Data excerpt:
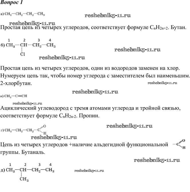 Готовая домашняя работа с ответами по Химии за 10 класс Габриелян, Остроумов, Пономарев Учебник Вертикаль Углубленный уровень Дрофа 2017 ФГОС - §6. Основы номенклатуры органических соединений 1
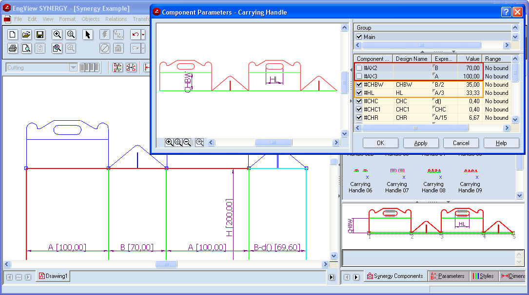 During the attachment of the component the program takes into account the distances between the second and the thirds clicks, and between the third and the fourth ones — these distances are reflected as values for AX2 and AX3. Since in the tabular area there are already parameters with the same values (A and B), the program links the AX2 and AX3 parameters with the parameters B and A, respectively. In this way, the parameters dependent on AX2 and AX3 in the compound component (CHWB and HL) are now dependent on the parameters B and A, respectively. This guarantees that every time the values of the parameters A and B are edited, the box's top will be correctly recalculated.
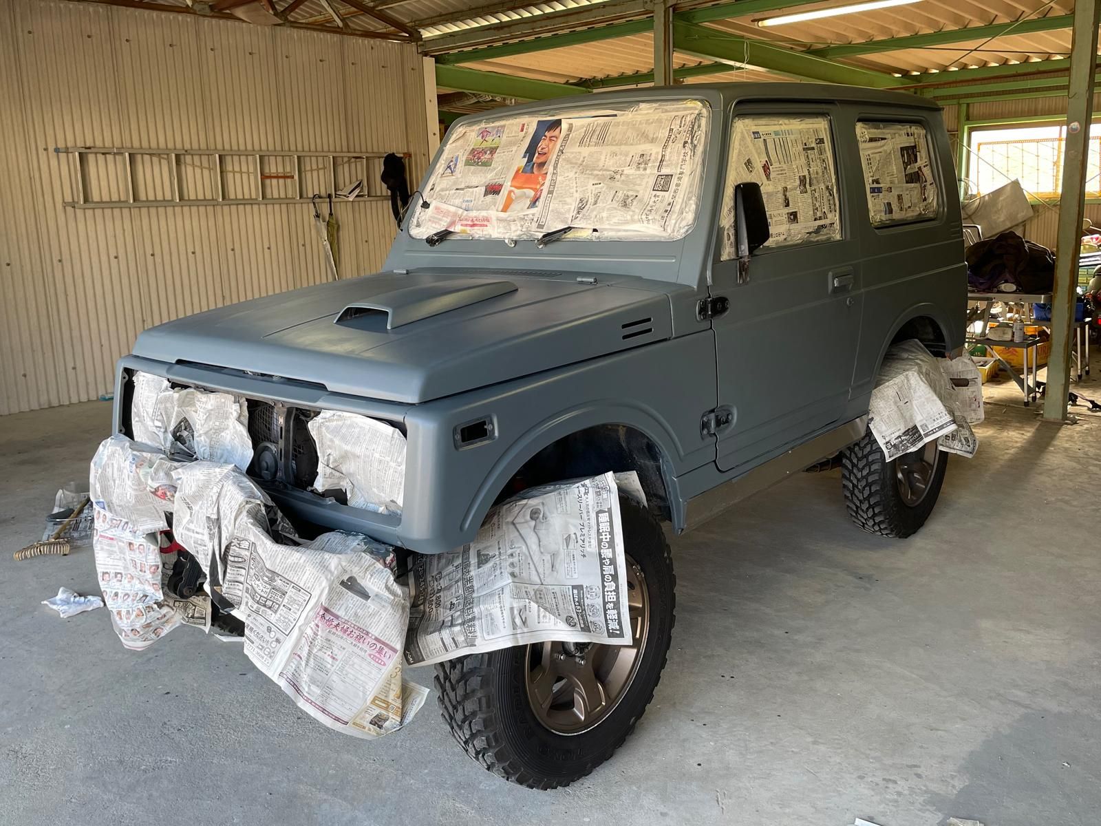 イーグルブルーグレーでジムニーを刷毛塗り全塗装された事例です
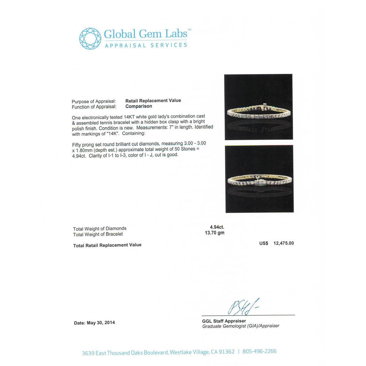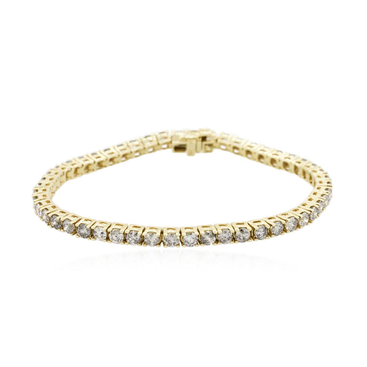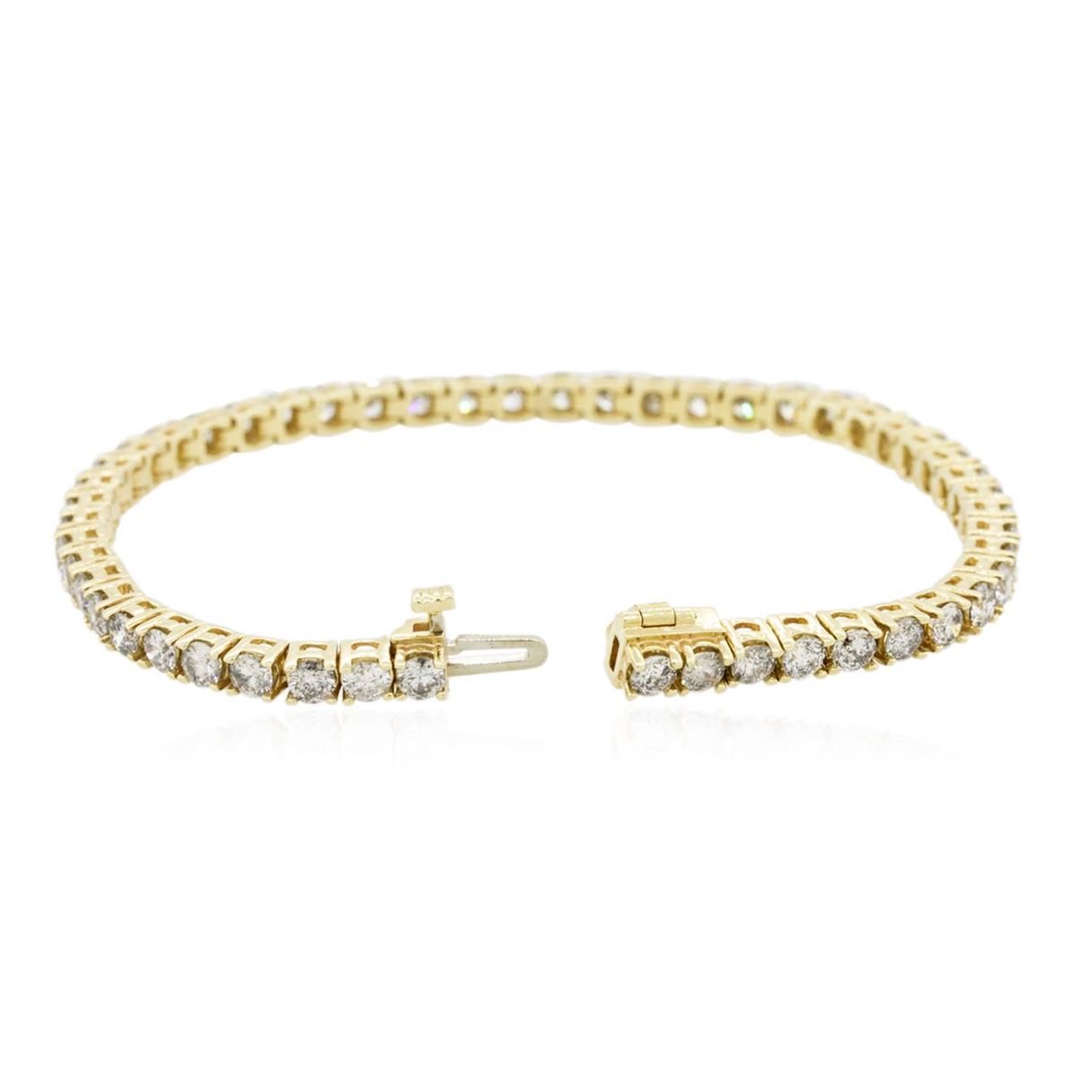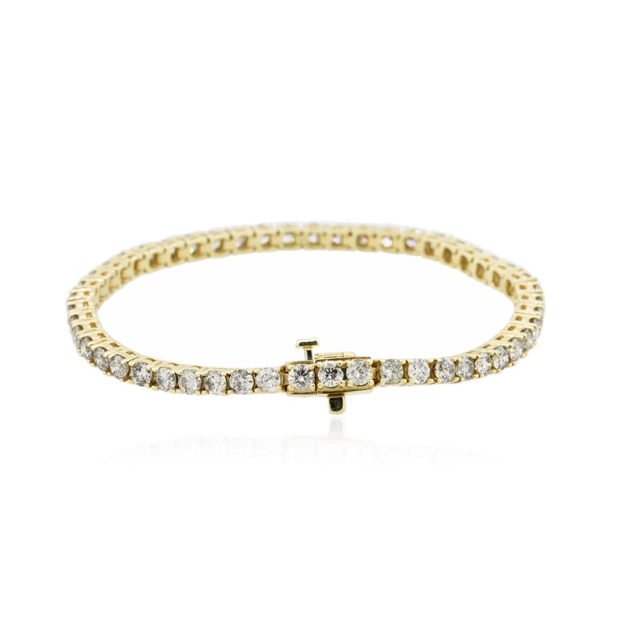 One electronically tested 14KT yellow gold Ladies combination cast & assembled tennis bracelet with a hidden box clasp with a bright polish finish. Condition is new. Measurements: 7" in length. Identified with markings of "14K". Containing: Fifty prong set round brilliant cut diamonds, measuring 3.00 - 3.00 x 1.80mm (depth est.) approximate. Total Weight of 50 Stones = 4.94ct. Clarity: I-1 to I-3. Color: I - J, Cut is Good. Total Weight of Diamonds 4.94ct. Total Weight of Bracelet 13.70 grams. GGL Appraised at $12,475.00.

Requirement:
Pictures are to be left out; repeat all the remaining data exactly.

Response for this exercise:
 Готовая домашняя работа с ответами по Химии за 10 класс Габриелян, Остроумов, Пономарев Учебник Вертикаль Углубленный уровень Дрофа 2017 ФГОС - §6. Основы номенклатуры органических соединений 1
 During the attachment of the component the program takes into account the distances between the second and the thirds clicks, and between the third and the fourth ones — these distances are reflected as values for AX2 and AX3. Since in the tabular area there are already parameters with the same values (A and B), the program links the AX2 and AX3 parameters with the parameters B and A, respectively. In this way, the parameters dependent on AX2 and AX3 in the compound component (CHWB and HL) are now dependent on the parameters B and A, respectively. This guarantees that every time the values of the parameters A and B are edited, the box's top will be correctly recalculated.
 イーグルブルーグレーでジムニーを刷毛塗り全塗装された事例です
 One electronically tested 14KT yellow gold Ladies combination cast & assembled tennis bracelet with a hidden box clasp with a bright polish finish. Condition is new. Measurements: 7" in length. Identified with markings of "14K". Containing: Fifty prong set round brilliant cut diamonds, measuring 3.00 - 3.00 x 1.80mm (depth est.) approximate. Total Weight of 50 Stones = 4.94ct. Clarity: I-1 to I-3. Color: I - J, Cut is Good. Total Weight of Diamonds 4.94ct. Total Weight of Bracelet 13.70 grams. GGL Appraised at $12,475.00.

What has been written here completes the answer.